A very deeply religious friend and Brother told me that when he was joining, a close friend of his who was already a Mason told him that nothing he would experience would conflict with his duty to God, laws of man or himself. This was all he needed to hear to put his fears to rest. Many good men and Masons have told you about the same thing here. Asking "difficult" questions is fine but listen to the answers. If you aren't prepared for answers, you shouldn't ask questions. Does that make sense. I'm not the most grammatically correct person. Again, not to beat a dead horse but go to lodge, meet the men there and get to know them. You'll see for yourself and then decide if its for you or not. 

S&F
Kyle


----------



## Eric Edwards (Jul 25, 2012)

Spring TX MM said:


> Eric, that's not the best attitude to have. All questions you have asked have been answered. Now its up to you to see the truth behind what we have said.
> 
> A very deeply religious friend and Brother told me that when he was joining, a close friend of his who was already a Mason told him that nothing he would experience would conflict with his duty to God, laws of man or himself. This was all he needed to hear to put his fears to rest. Many good men and Masons have told you about the same thing here. Asking "difficult" questions is fine but listen to the answers. If you aren't prepared for answers, you shouldn't ask questions. Does that make sense. I'm not the most grammatically correct person. Again, not to beat a dead horse but go to lodge, meet the men there and get to know them. You'll see for yourself and then decide if its for you or not.
> 
> ...


 
Well I am clearly in the minority here which usually means wisdom is with the multitude so I apologize if that's the wrong attitude.


----------



## daddyrich (Jul 25, 2012)

Wow. 'your ashlar is a little rough"? You've received great advice here, more than maybe some us had previous to joining ourselves. It's also important to understand that your '32 degree" friend has no more Masonic dignity than many of us lowly Master Masons, wallowing away at our 3rd.  Please stop this brow-beating, go to a Lodge dinner - they will welcome you and do their level best to answer all your questions. But you will find all this Luciferian conundrum and deep Masonic questions will be of little interest to them.  They will give you an honest lay of our landscape and after that, it's your choice. You will not get deep religio/philosophical answers here. As in any walk of life, you will have to seek, understand and live with the answers all by yourself. Good luck to you, sir.


----------



## cog41 (Jul 26, 2012)

Eric Edwards said:


> please do... Please use your gas and time 2 prove you don't want people who try to live up to their moral convictions and ask's tough questions of your fraternity. That's very integral.
> 
> Maybe your dad was a mason or something so this was a easy decision for you.
> 
> ...





May I make a suggestion?

Calm Down!!

I appreciate the inquisitive mind and your desire for discussion. But, if you want anybody here to talk to you further, then you probably need to rethink your reasons for being here. *Genuine *discussion of philosophy, practice, signs, symbols, history etc..?? Membership and growth as a mason practicing freemasonry??
 I agree with others here, you need to simply follow others advice and visit the brethren at the lodge and take care of business. 

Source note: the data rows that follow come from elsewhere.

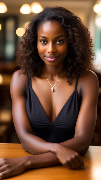 A very dark skinned woman with a lovely smile seated at a cafe table, ((photo-realistic)), ((uhd)), ((down blouse cleavage view)), ((action poses)), (((zoomed in : 1.20))), ((highest resolution)), ((highest quality)), ((highest detail)), ((sharp focus)), (Perfect Face - [ Eyebrow, Eye, Eyelid, Nose, Mouth, Lip, Teeth, Scalp, Throat, Hair ] )), ((Perfect Limbs - [ Shoulder, Chest, Arm, Elbow, Forearm, Wrist, Hand, Finger, Fingernail, Thumb ] )), ((Perfect Limbs - [ Leg, Thigh, Knee, Calf, Foot, Ankle, Toe, Toenail, Buttocks, Hip, ] )), ((detailed jewelry)), ((black as really dark chocolate skin tone)),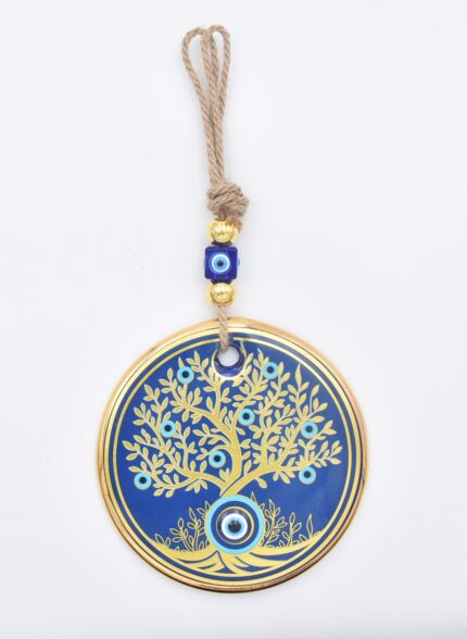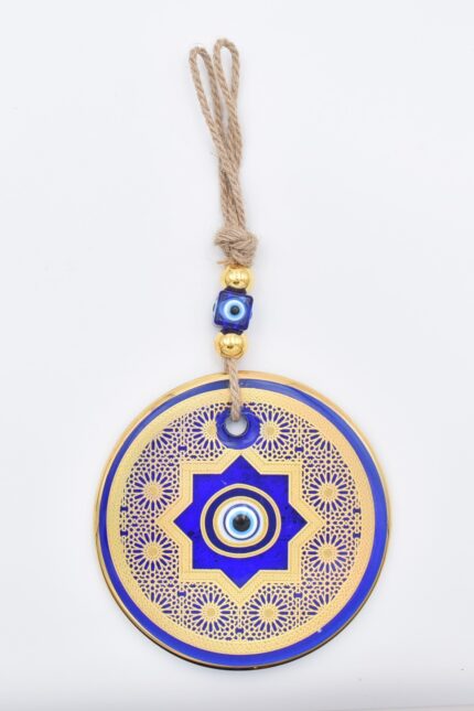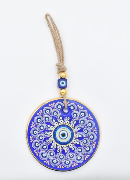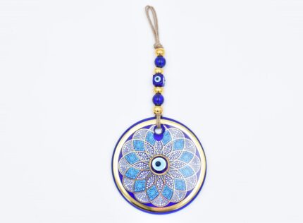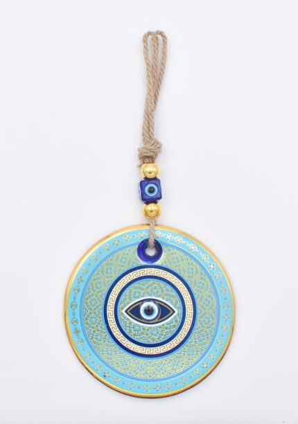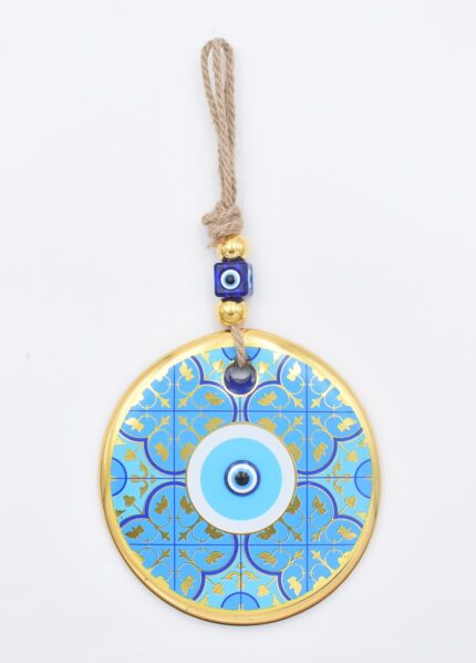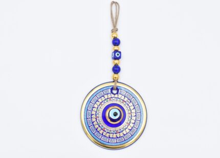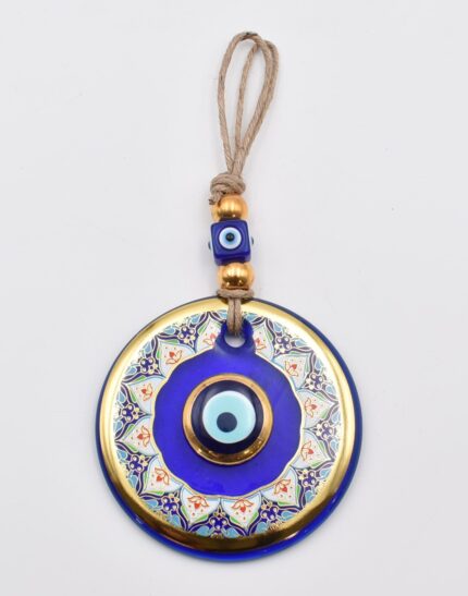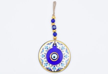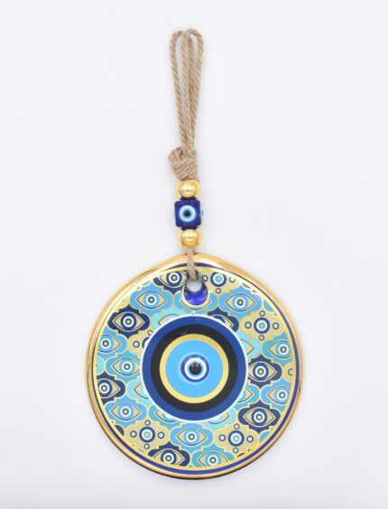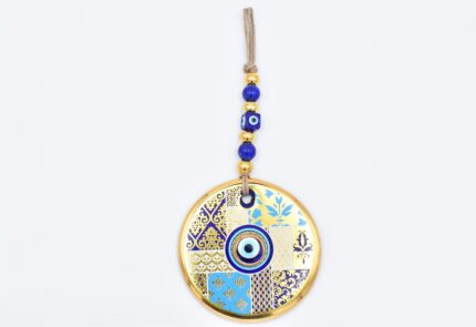 Κρεμαστό Γυάλινο Μάτι με Χρυσή Ρίγα και Κεντρική Χάντρα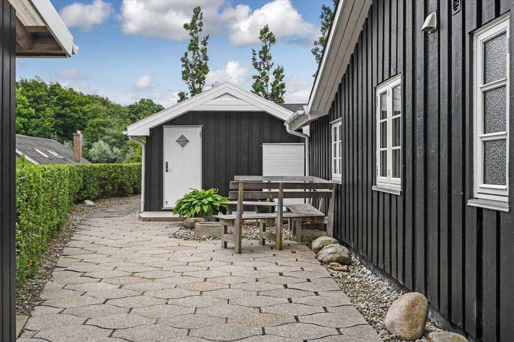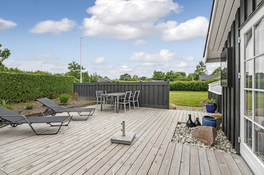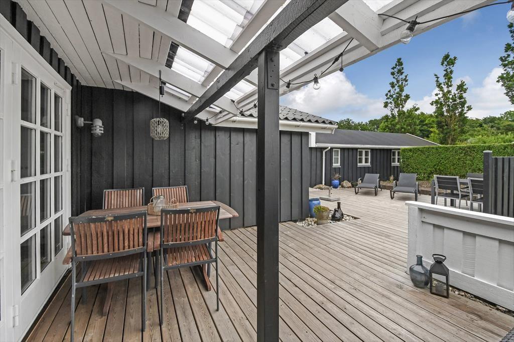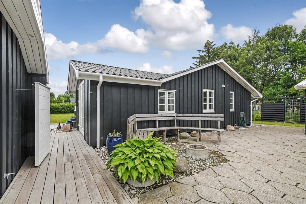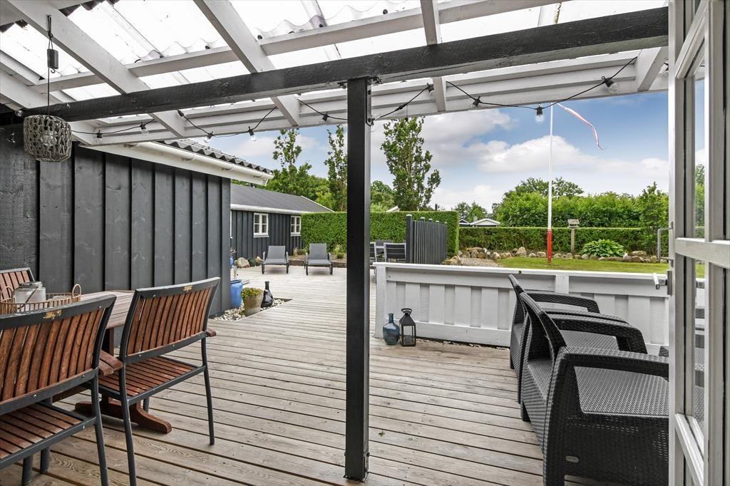 Ude i det fri har I også plads til at boltre jer på den 1.024 m2 store grund, som skærmes af grøn randbeplantning og en tæt hæk. Den velholdte græsplæne kan oplagt danne rammen om diverse havespil, og trænger I til en stille stund, er der etableret flere hyggelige opholdspladser rundt om huset og annekset. Allermest tillokkende er formentlig det store, delvist overdækkede og afskærmede terrassemiljø, som er perfekt til udendørs feriemåltider, tilbagelænet afslapning og hyggestunder med familien.

"where there are many words, transgression is unavoidable, but he who restrains his lips is wise." Prov. 10:19


----------



## mattcaler (Jul 26, 2012)

cog41 said:


> "where there are many words, transgression is unavoidable, but he who restrains his lips is wise." Prov. 10:19



I feel that this passage of scripture pretty much sums up everything.


----------



## BryanMaloney (Jul 26, 2012)

A great deal of nonsense has been written about Freemasons. Thus, the only way to find out is to see for oneself, directly. Thus, go, check it out directly. God protects the faithful, right? If you really believe that God preserves, then you need fear nothing. God will preserve you in your faith and stop you should you encounter something He considers unacceptable.


----------



## Eric Edwards (Jul 27, 2012)

BryanMaloney said:


> A great deal of nonsense has been written about Freemasons. Thus, the only way to find out is to see for oneself, directly. Thus, go, check it out directly. God protects the faithful, right? If you really believe that God preserves, then you need fear nothing. God will preserve you in your faith and stop you should you encounter something He considers unacceptable.


 
thanks...that reply speaks more directly to me than most. I am going to visit the lodge again soon. 
I will say this though the most disgusting thing I've ever heard said was in 438 when I went. 
It was just a joke and I've told some bad ones myself but this one wasn't funny.

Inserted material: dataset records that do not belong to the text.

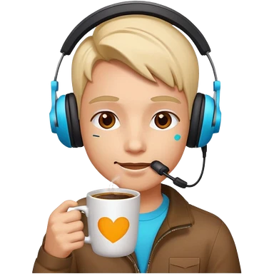 Gaming character drinking coffee - with vibrant colors emoji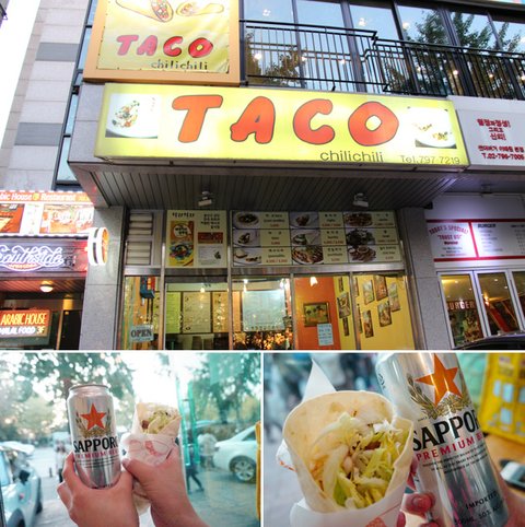 두번째 길거리 간식으로는 타코를 먹었습니다. 경리단길에 이국적인 음식점이 많이 있다고 들었는데요~ 듣던대로였습니다! 씩씩하게 걸어다니기 위해서 길거리에서 가볍게 먹을 수 있는 타코를 선택했습니다!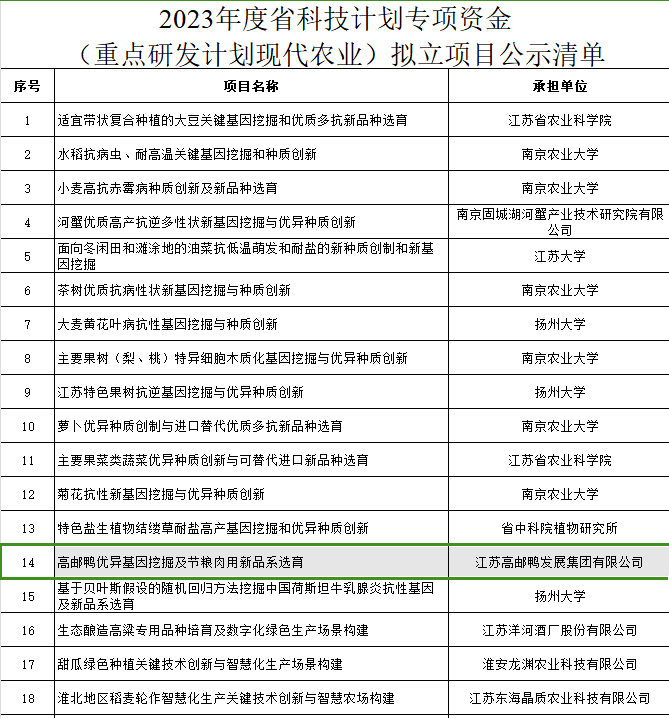 近日,江蘇省財政廳、科技廳公布了2023年度省重點研發(fā)計劃(現(xiàn)代農(nóng)業(yè))專項資金立項項目名單,江蘇高郵鴨集團承擔(dān)實施的“高郵鴨優(yōu)異基因挖掘及節(jié)糧肉用新品系選育”榮獲省重點類科技項目立項支持。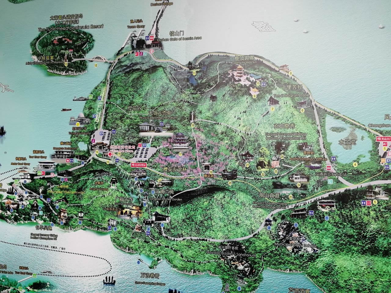 黿頭渚風(fēng)景區(qū)有充山隱秀、鹿頂迎暉、黿渚春濤、橫云山莊、萬(wàn)浪卷雪、湖山真意、十里芳徑、太湖仙島、江南蘭苑、櫻花谷、無(wú)錫人杰苑及中犢晨霧、廣福古寺等10多處景點(diǎn)。其中有自然山水畫卷;有山鄉(xiāng)田園風(fēng)光;有江南園林景致;還有吃、住、購(gòu)、行等配套齊全的服務(wù)和娛樂(lè)設(shè)施,加上歷代名人雅士游蹤、石刻、書畫、傳說(shuō)等諸多內(nèi)涵深厚的文化積淀,構(gòu)成了此地以天然山水為主、人工點(diǎn)綴為輔的綜合性、多功能風(fēng)景旅游勝地。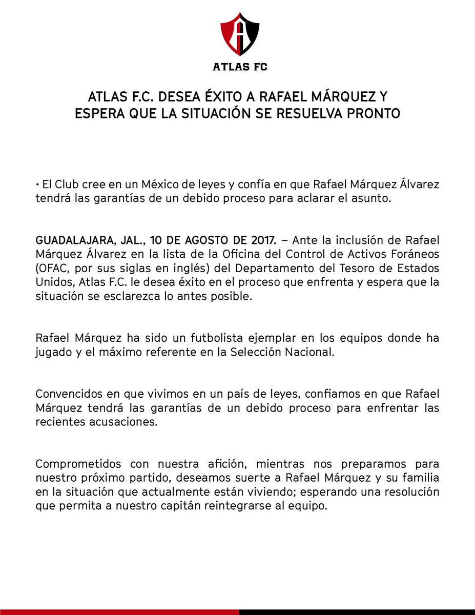 La tarde de este jueves, el club emitió un comunicado donde le “desea éxito” al defensor y “y espera que la situación se resuelva pronto”.

It was what sound does a baby make in a microwave? 
I said I don't know - the guy said me either I was to busy "masquerading <----sub word" I almost threw up.
For the most part though they seemed like good men.


----------



## Joseph_OConnor (Jul 27, 2012)

Eric,

I am a young, new MM and a Christian. I went to my local lodge initially, met with some folks and spent a while getting to know them--nothing but good people. Not perfect people, but then no one is, not me, not you--and we never will be.  But these folks, now my Brothers, are all in their own way actively and purposefully trying to be better men. I had some reservations before I joined but for myself, but I think it is important to make one's own mind up on something rather than rely on partial information. So throughout my process I have prayed. I asked God to let me see clearly where there might be any issues that would come between me and my faith and relationship with Him. In return, I promised Him that at any point should I be in conflict, I would walk away but I really wanted to make up my own mind on things. I can tell you for me personally, I have found nothing that in any way contradicts my beliefs or that has jeopardized my faith. In fact it has been quite the contrary. You see Masonry, despite what you might find on the internet, is not any kind of religion, cult or otherwise. It is a system of Morality to be sure, but it is in no way a means of Salvation--but it does not attempt to be. To me it is a deep personal journey into self development through knowledge of self. Combined with this there is the fraternal side of things and getting to know Brothers that have become to me some as mentors, some as fishing buddies, and many of them lifelong friends. At the drop of a dime, I know that if I needed help, they would be there to help me through any hard time or challenge, and that I can trust them with anything---a priceless thing in today's world. As far as my faith goes, it has only been an enhancement to my relationship with Him--I spend a lot more time in deep thought and consciously try to be a better man every day. Masonry as it is to me, will never be 100% what it is to you, or any other Brother out there. Secrets? You can look up many of those things or by books for that. To me the real secret is the one that only you can find for yourself. 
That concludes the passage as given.